Work instructions:
Could you set down exactly the lines in the records below between the line holding "Donna Troy, black" and the line holding "Robô Aspirador, 2", inclusive?

Data for processing:
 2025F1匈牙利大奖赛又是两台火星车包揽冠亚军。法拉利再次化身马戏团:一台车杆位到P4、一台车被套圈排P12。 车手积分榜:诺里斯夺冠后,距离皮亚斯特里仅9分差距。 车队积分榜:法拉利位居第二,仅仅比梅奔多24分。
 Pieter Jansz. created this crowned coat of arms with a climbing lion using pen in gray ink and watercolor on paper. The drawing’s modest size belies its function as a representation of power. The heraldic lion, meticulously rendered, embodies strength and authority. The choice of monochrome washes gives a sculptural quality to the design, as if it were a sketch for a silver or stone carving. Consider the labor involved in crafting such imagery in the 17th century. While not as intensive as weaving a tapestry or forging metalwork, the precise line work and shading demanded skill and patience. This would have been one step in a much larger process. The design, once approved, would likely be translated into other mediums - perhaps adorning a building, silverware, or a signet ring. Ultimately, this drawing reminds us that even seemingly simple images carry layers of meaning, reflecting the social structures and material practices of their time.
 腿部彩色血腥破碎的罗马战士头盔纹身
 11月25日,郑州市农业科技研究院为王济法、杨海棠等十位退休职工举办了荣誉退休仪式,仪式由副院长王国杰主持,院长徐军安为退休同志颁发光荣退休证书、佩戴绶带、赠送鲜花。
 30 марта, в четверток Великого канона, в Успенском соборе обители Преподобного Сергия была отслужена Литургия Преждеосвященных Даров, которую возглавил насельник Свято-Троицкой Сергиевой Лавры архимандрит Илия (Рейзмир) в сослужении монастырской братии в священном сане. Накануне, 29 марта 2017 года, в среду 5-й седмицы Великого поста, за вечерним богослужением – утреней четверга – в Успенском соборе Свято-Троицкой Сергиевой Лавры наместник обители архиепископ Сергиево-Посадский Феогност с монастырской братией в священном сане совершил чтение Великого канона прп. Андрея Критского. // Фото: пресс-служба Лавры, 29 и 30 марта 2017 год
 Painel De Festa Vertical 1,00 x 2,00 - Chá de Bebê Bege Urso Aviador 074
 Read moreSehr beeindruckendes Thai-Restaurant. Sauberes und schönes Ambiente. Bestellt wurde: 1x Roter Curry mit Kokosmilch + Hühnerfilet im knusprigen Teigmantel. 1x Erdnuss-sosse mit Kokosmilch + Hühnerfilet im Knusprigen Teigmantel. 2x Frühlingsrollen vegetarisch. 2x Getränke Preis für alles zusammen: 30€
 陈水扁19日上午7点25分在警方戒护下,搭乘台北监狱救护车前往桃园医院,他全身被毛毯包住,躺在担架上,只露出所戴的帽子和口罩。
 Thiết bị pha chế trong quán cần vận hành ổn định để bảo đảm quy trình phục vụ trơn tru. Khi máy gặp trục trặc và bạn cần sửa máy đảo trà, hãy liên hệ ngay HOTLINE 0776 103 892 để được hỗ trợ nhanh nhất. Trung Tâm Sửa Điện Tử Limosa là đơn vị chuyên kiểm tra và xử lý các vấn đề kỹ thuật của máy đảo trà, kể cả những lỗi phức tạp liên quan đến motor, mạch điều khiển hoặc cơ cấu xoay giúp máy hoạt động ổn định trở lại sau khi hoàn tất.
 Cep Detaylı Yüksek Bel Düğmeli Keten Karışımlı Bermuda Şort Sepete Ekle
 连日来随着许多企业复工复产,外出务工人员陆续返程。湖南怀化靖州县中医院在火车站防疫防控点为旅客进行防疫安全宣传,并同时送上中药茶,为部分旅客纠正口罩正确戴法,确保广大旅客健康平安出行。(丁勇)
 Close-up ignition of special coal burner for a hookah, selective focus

--

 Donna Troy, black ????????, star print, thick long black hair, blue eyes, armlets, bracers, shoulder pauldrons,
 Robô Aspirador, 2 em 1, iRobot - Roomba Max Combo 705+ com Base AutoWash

Answer below:
 Donna Troy, black ????????, star print, thick long black hair, blue eyes, armlets, bracers, shoulder pauldrons,
 Robô Aspirador, 2 em 1, iRobot - Roomba Max Combo 705+ com Base AutoWash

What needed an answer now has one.